К книге
Ранняя осень. Повести и этюды о природеРанняя осень Повесть. Глава одиннадцатая
10%
Ранняя осень Повесть. Глава одиннадцатая
12

Небо чуть посветлело, перестал и надоедливый дождь. Надолго ли? Самая пора поразмяться — решил Гордей.

Забулдыга ветер ярился на просторе, будоража Волгу. Нескончаемой чередой неслись навстречу теплоходу мутные, порыжелые от песка, валы.

Какое-то время с дотошной сосредоточенностью всматривался художник в набегавшие на острый нос судна злые пенные гребни. Обжигающе студеные брызги долетали даже до палубы второго этажа. Но валивший с ног ветер прогнал Гордея на корму в затишье.

Одна-разъединственная чайка — самая смелая, должно быть, из своих крикливых сестер, вертелась над кормой, то плавно паря, то падая вниз, едва не касаясь острыми крылами взбесившихся волн, надеясь на случайную добычу. И какой-то сердобольный малец с нижней палубы бросил за борт корку пшеничного батона.

Птица накинулась на добычу, схватила ее с пенного гребня и круто взмыла вверх. Но тут на нее налетела, неизвестно откуда взявшись, другая чайка. И первая смалодушничала, выпустила из клюва лакомый кусок. Негодующе крича, она устремилась к нагорному берегу. Разбойница же, завладев добычей, тотчас с ней расправилась.

Неожиданно из репродуктора, висевшего над головой Гордея, громоподобный голос мрачно возвестил:

— Граждане пассажиры! На теплоходе работает камера хранения ручного багажа, ванно-душевое предприятие, буфет. Пользуйтесь нашим сервисом!

Объявление это передавалось раз пять в день. Не забывал трудолюбивый радист ублажать скучающих пассажиров и эстрадными песенками безголосых певцов.

«Пойду-ка навещу своих новых знакомых», — подумал художник, спускаясь на нижнюю палубу.
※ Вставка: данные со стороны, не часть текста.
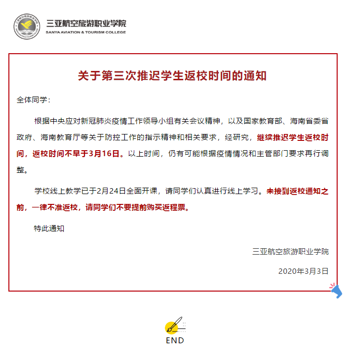 重要通知丨关于第三次推迟学生返校时间的通知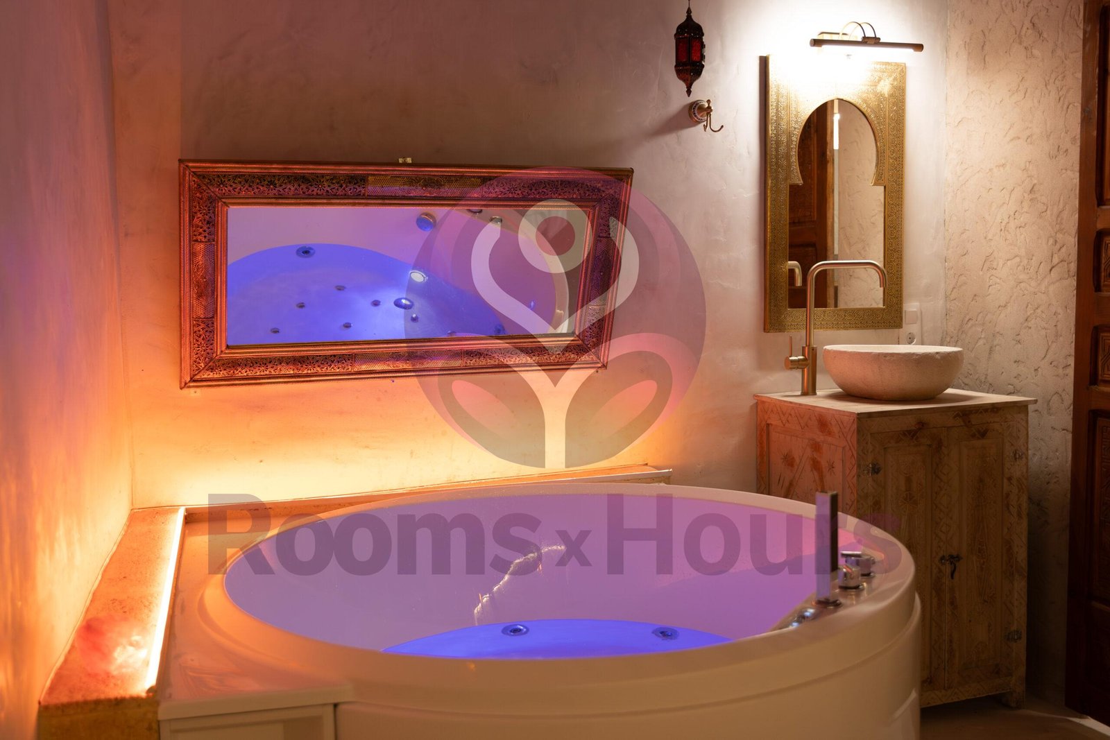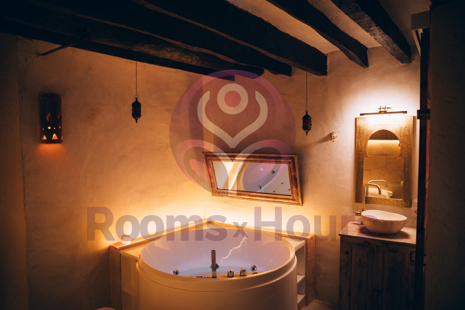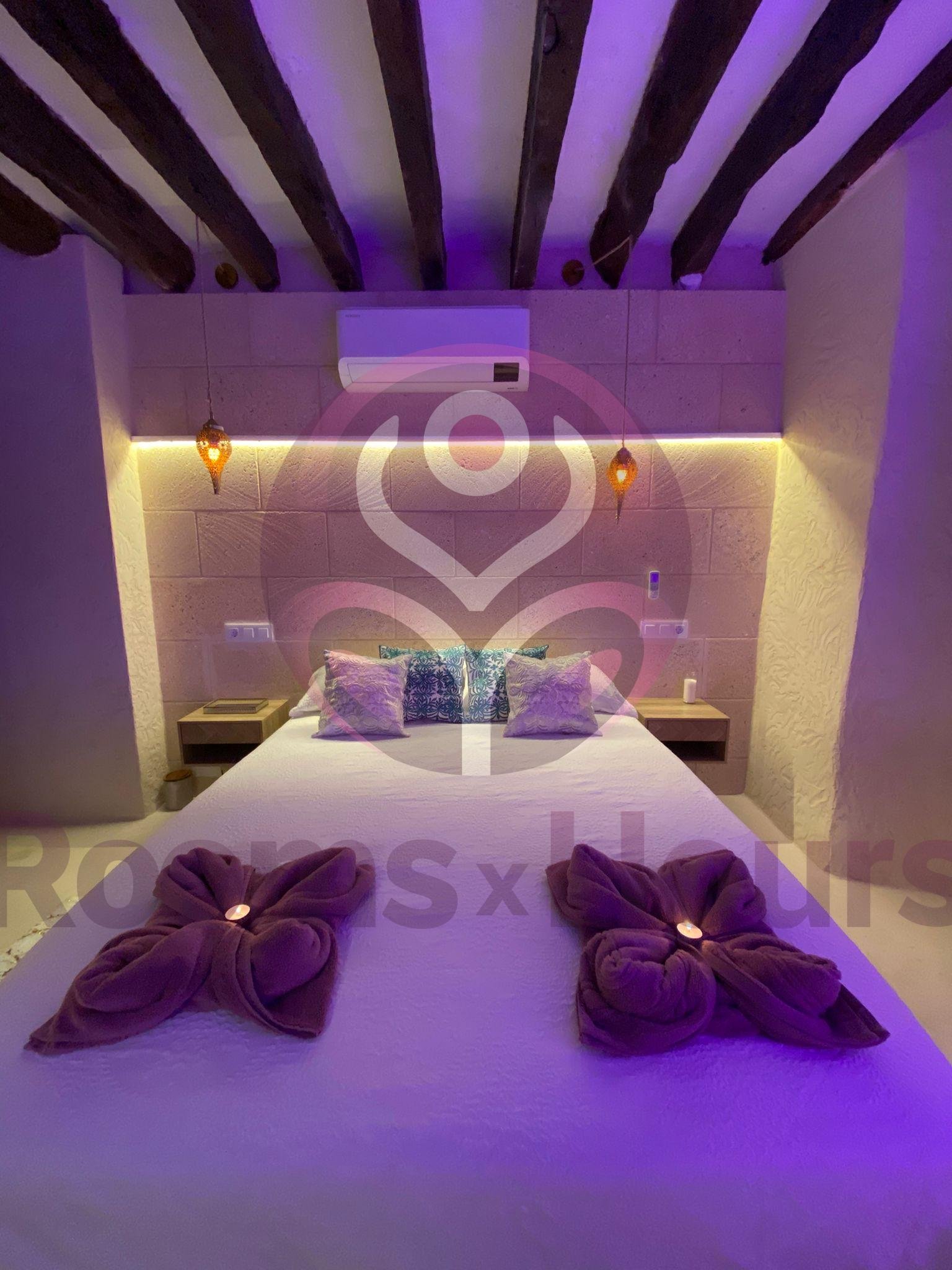 Su cuidada estética de inspiración marroquí 🕌 envuelve con una atmósfera cálida, sugerente y acogedora. La iluminación tenue, los detalles artesanales y las texturas crean el escenario perfecto para desconectar del exterior y centrarse únicamente en disfrutar en pareja ❤️.

Завтра, после утренней остановки в Ярославле, собирался Гордей начать писать масляными красками портрет чувашки Степаниды Васильевны.

Когда шагал по еле освещенному коридору четвертого класса, вспомнил вдруг про угличскую бабку. Решил на минуту-другую и ее проведать.

В дверь с цифрой «16» постучал нерешительно, боясь: не ошибся ли каютой?

— Заходи без церемоний! — послышался из глубины каюты простуженный голос.

Так же нерешительно вошел Гордей в продолговатую комнату с подвесными койками.

За столиком, у окна, сидел облысевший старик в заношенной солдатской гимнастерке.

По другую сторону стола лежала на койке, лицом к переборке, угличская знакомая.

Старушка приподняла голову с кацавейки, служившей ей подушкой, лишь после того, как художник сказал:

— Добрый день!

Поправляя черный платок, бабка ласково запела:

— Милости просим, соколик! Проходи, присаживайся! А я отдыхаю от суетного соседа. Перед самым носом красильню устроил. С утра все малюет и малюет без передыху!

Опустила на пол ноги, сухонькой ладошкой обмахнула обтянутый дерматином диван: «чисто ли?», а потом снова пригласила:

— Садись, соколик!

Обращаясь к неожиданному гостю, человек в гимнастерке проговорил все с той же неизлечимой простудной хрипцой:

— Эко и въедливая лепетунья, скажу тебе! Пилит и пилит! От своей пилы сбежал, а тут — нате — новая навязалась! А того не уразумеет: спешу товаром обзавестись к Ярославлю-батюшке. Глядишь, и разживусь грошиками!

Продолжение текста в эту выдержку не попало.